__Directions for this task__. Leaving out the pictures, retype exactly the lines from the one holding "20 Sheets PSD" through the end of the material.
** Task material follows **
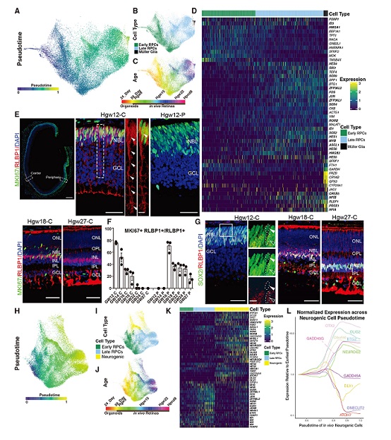 2020年5月7日,Developmental Cell杂志在线发表了题为“Single-cell analysis of human retina identifies evolutionarily conserved and species-specific mechanisms controlling development”的研究论文。该工作通过对16个时间点的人胚胎视网膜和4个发育阶段的人视网膜类器官进行高通量单细胞测序,建立了人类视网膜发育的转录组数据库,阐述了视网膜在发育过程中各种细胞类型命运决定以及黄斑形成的分子调控机制,并通过跨物种分析,揭示了人与小鼠的视网膜在发育过程中的进化保守性以及物种特异性。
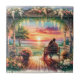 Romantic Sunset Porch View Illustration Ceramic Tile
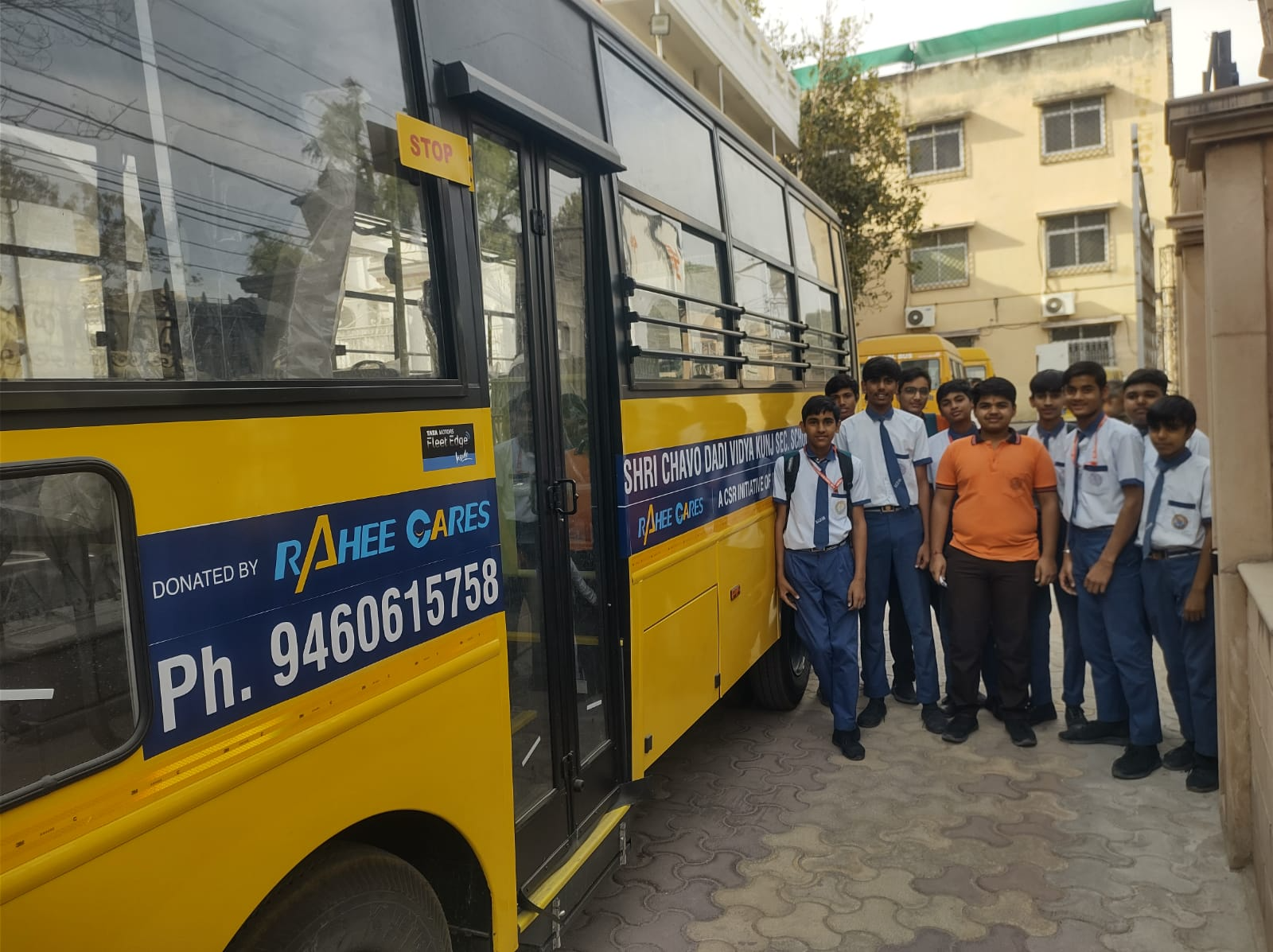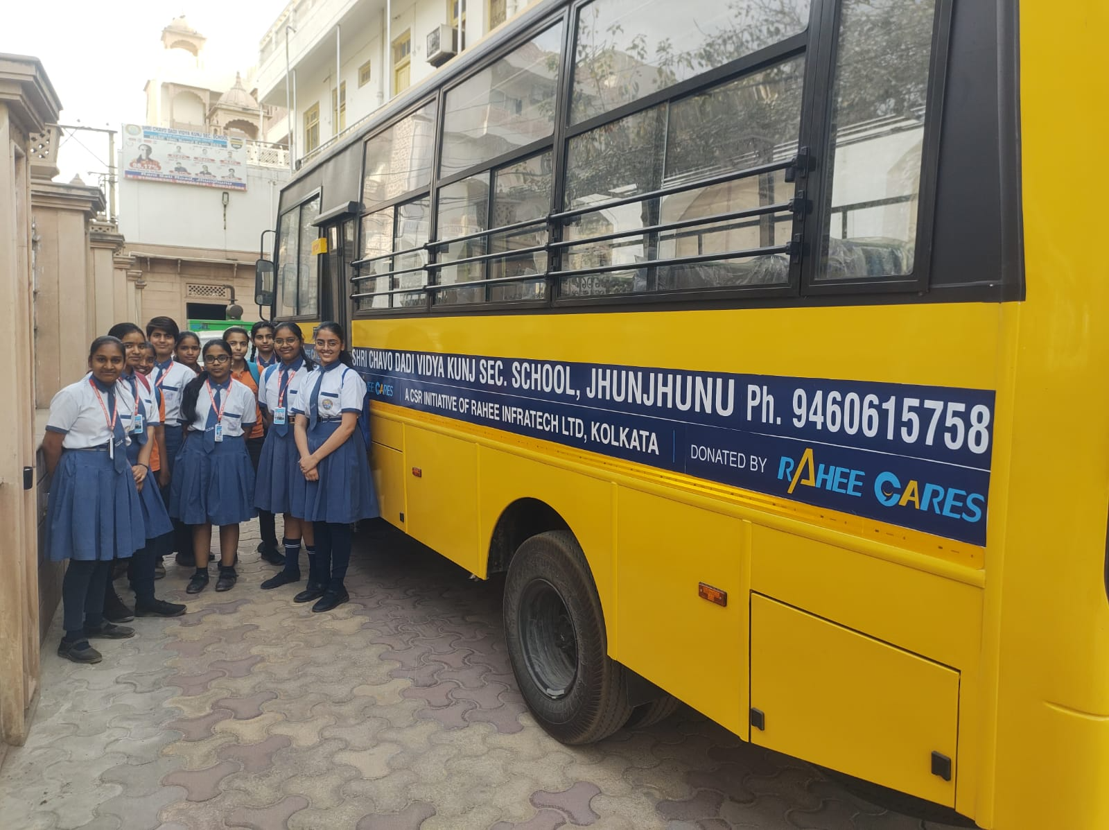 Rahee Cares is pleased to extend its support to Shri Chavo Dadi Vidya Kunj Senior Secondary School, Jhunjhunu, Rajasthan, through the donation of a school bus as part of our CSR initiative. This contribution is aimed at making daily travel to school safer and more accessible for students from surrounding rural areas. Through such initiatives, we remain committed to strengthening educational opportunities and supporting the overall development of communities.
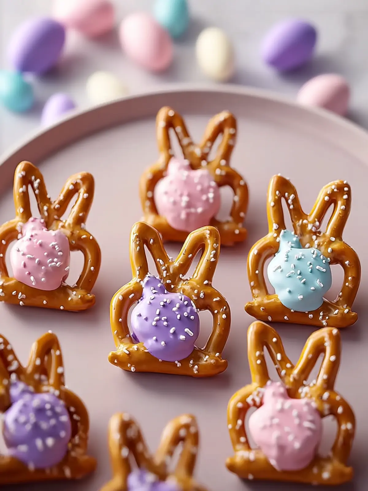 Delicious bunny-shaped pretzels topped with white chocolate and colorful sprinkles, perfect for any festive occasion!
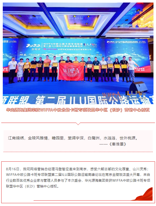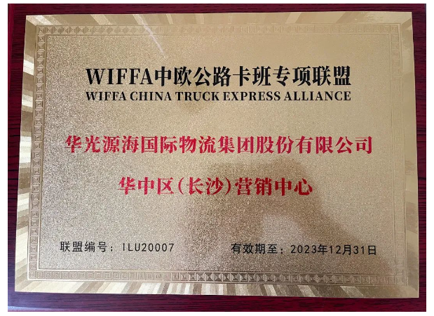 喜讯:华光源海集团荣获WIFFA中欧公路卡班专项联盟华中区(长沙)营销中心授权
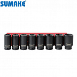Набор удлиненных ударных головок для гайковерта 1/2” - 17, 19, 21, 22, 23, 24, 27мм. Cr-Mo. Для литых дисков. Тонкостенные.
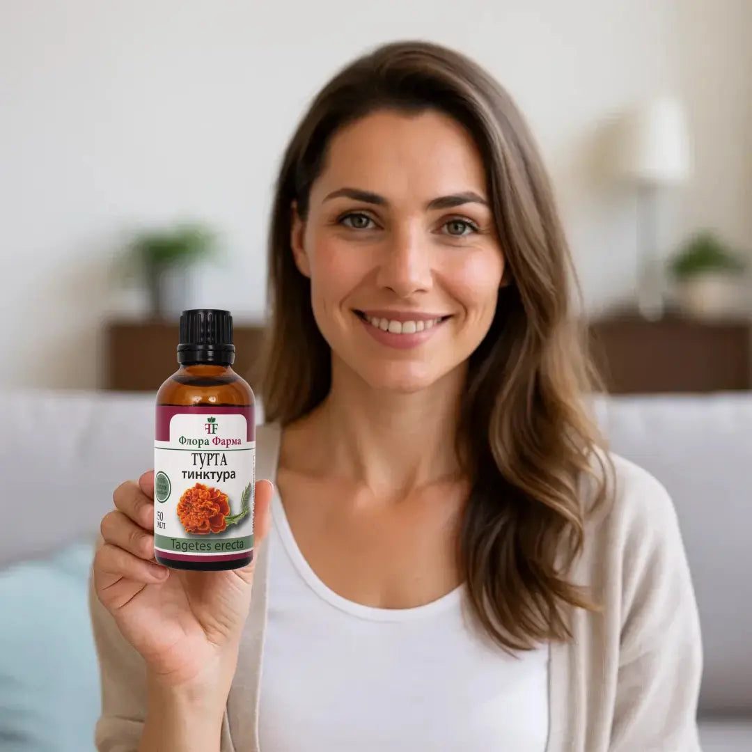 Тинктурата от Турта подпомага естественото изчистване на миоми, кисти, възли и мастопатия, както и при нередовен цикъл, маточни възпаления, полипи, бяло течение и стерилитет. Има силно антивъзпалително и противопаразитно действие.
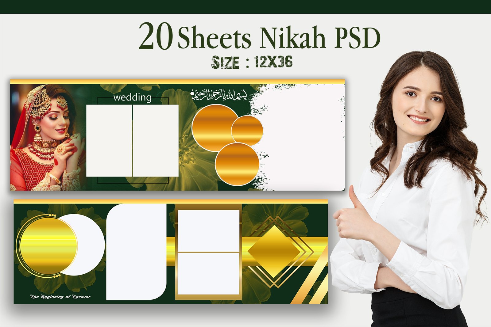 20 Sheets PSD : A complete 20-spread set with an elegant Nikah PSD Sheets.
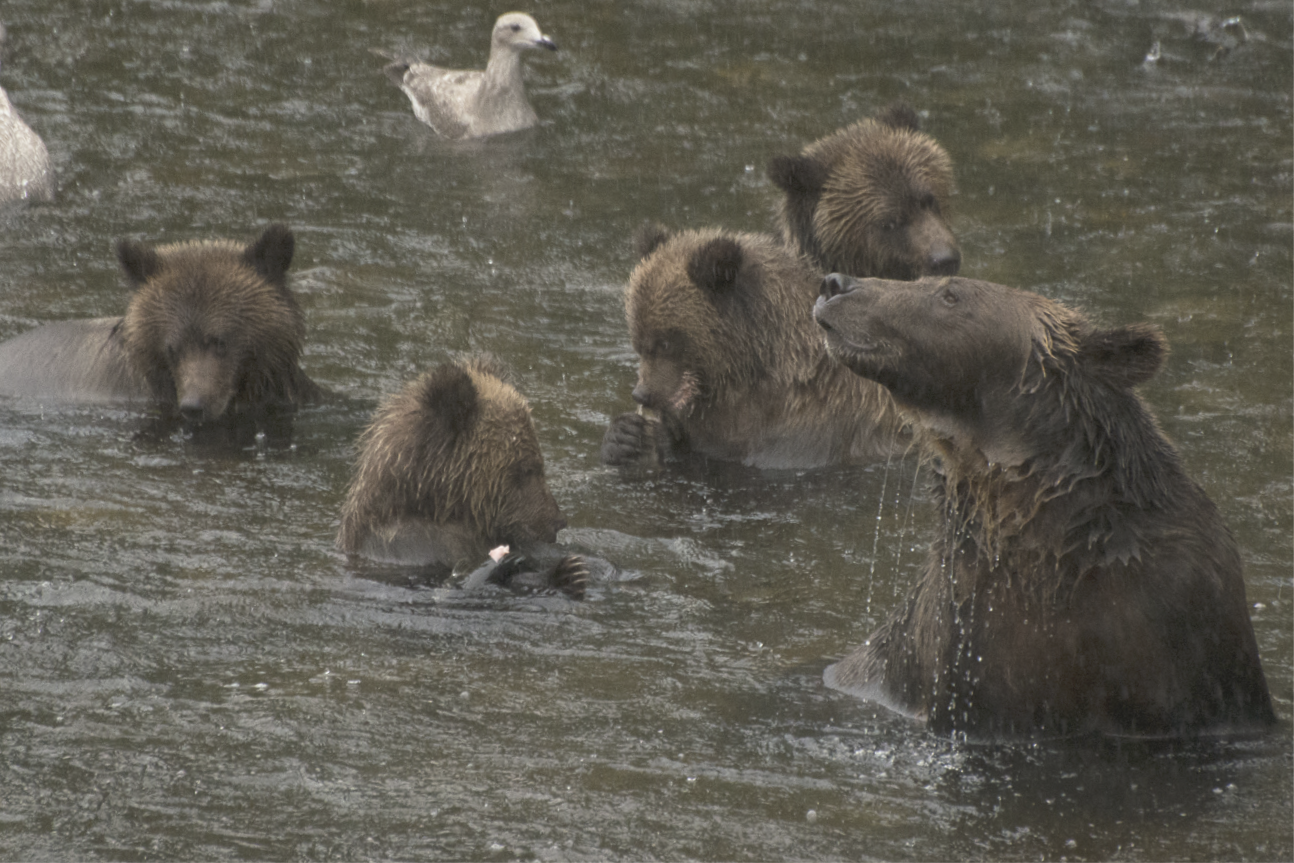 As the grizzly bears in the area come down from their winter hibernation in the mountains, they come down in higher density in food dense coastal areas. Moms with cubs and sub-adults alike are often on the move, negotiating around mating adult bears.
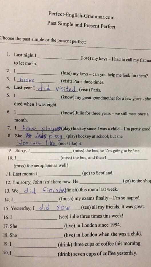 10 have missed, have missed - (не уверена)
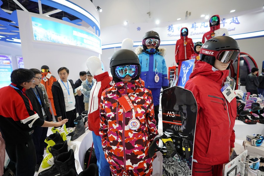 Visitor view the gears for winter sports at 2019 World Winter Sports (Beijing) Expo in Beijing, capital of China, Oct. 17, 2019. (Xinhua/Ju Huanzong)
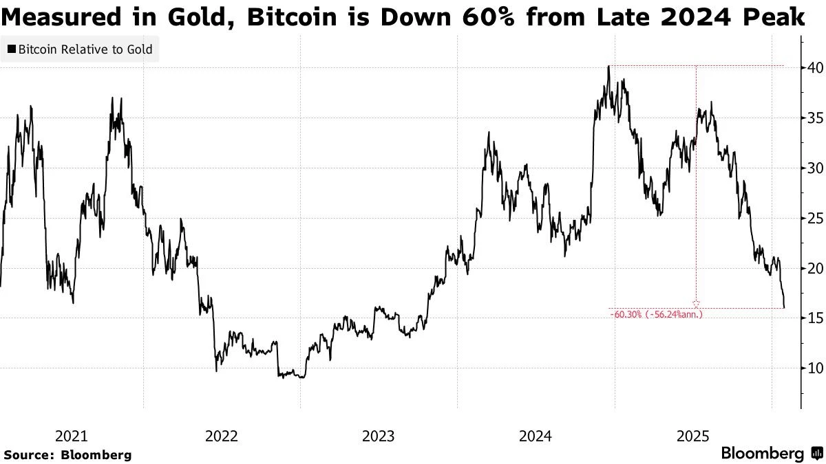 หากเราจะวัดว่า Bitcoin สามารถทำหน้าที่แทนทองคำได้จริงหรือไม่ วิธีที่แม่นยำที่สุดคือการเทียบมูลค่ากันโดยตรง มูลค่าของ Bitcoin ลดลงถึง 60% จากจุดสูงสุดในช่วงปลายปี 2567
** End of Task material **
__Worked solution__.
 20 Sheets PSD : A complete 20-spread set with an elegant Nikah PSD Sheets.
 As the grizzly bears in the area come down from their winter hibernation in the mountains, they come down in higher density in food dense coastal areas. Moms with cubs and sub-adults alike are often on the move, negotiating around mating adult bears.
 10 have missed, have missed - (не уверена)
 Visitor view the gears for winter sports at 2019 World Winter Sports (Beijing) Expo in Beijing, capital of China, Oct. 17, 2019. (Xinhua/Ju Huanzong)
 หากเราจะวัดว่า Bitcoin สามารถทำหน้าที่แทนทองคำได้จริงหรือไม่ วิธีที่แม่นยำที่สุดคือการเทียบมูลค่ากันโดยตรง มูลค่าของ Bitcoin ลดลงถึง 60% จากจุดสูงสุดในช่วงปลายปี 2567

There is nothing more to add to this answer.